29689.fb2
— Скажи мне, Мина, ты видела этого человека… того, который сегодня приехал к твоему мужу? — чуть слышно прошептала Лилиана, с болезненной дрожью прижимаясь к груди подруги.
— Да, конечно, — спокойно и равнодушно ответила Гермина. — Ведь этот мистер… мистер… право, не помню его фамилии, обедал вместе с ним и с твоим отцом.
— Что он за человек, Гермина? Молодая женщина усмехнулась:
— Право, не знаю… Как я могу судить о человеке, которого вижу в первый раз и с которым сказала не больше сотни слов, и притом самых обыденных. Если ты спрашиваешь о его наружности…
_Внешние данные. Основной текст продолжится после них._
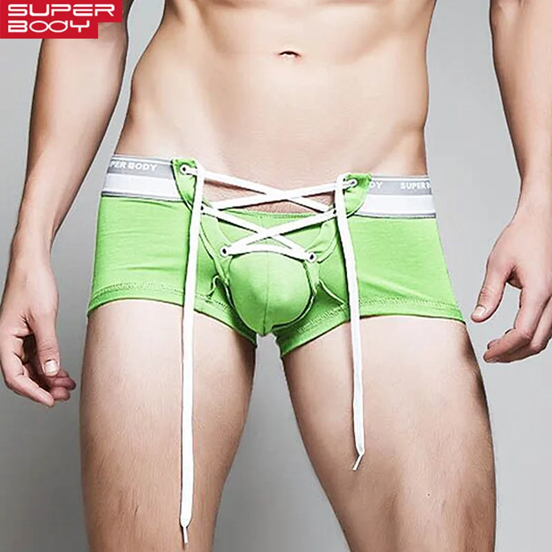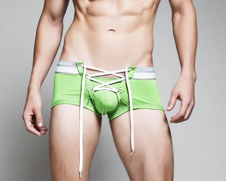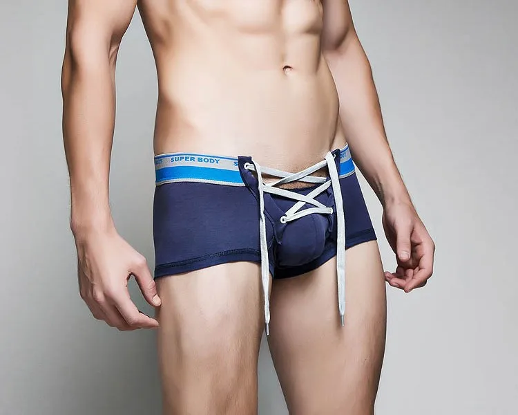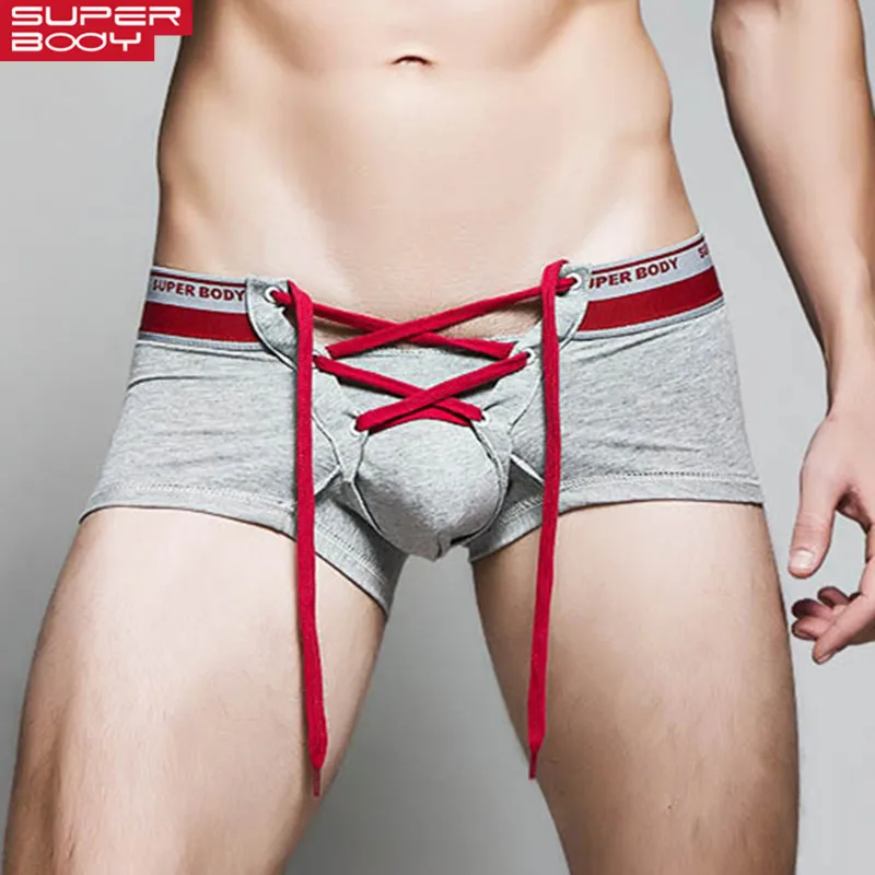 Трусы-боксеры мужские, с заниженной талией, с мешочком для пениса, сексуальное нижнее белье на завязках, мужской галстук

— Ах, я не это хотела спросить, — нетерпеливо перебила Лилиана. — Представь себе, Мина, — только ты не смейся надо мной… Я видела его во сне ровно шесть дней назад… Мой бедный Боб указал на него и сказал: «Берегись, Лилиана… это враг»… И с той ночи начался мой припадок. Этот сон был так ясен и убедителен, покойный муж стоял как живой передо мной, — вот на том месте, где теперь стоит кресло Матильды… И он указывал мне рукой на освещённый луной цветник, на другом конце которого точно так же, как и сейчас, мерцало красным светом окно из кабинета твоего мужа… И в этом окне я ясно увидела лицо этого… американца. И он дышал такой злобой, что я в ужасе проснулась и закричала «спасите»… Представь же себе мой ужас, когда я узнала в этом приезжем американце страшное лицо, виденное мною в окне.
Гермина пожала плечами с невольной улыбкой.
— Но Лилиана, радость моя, как же ты могла узнать человека, которого ни разу не видела?.. Ведь он только сегодня приехал, а ты не выходила из комнаты?
— И все-таки, Мина, я видела его, когда он проходил с твоим мужем по саду… Я лежала в том кресле, где теперь спит Матильда, и прекрасно могла разглядеть это ужасное лицо… Неужели оно тебя не пугает?..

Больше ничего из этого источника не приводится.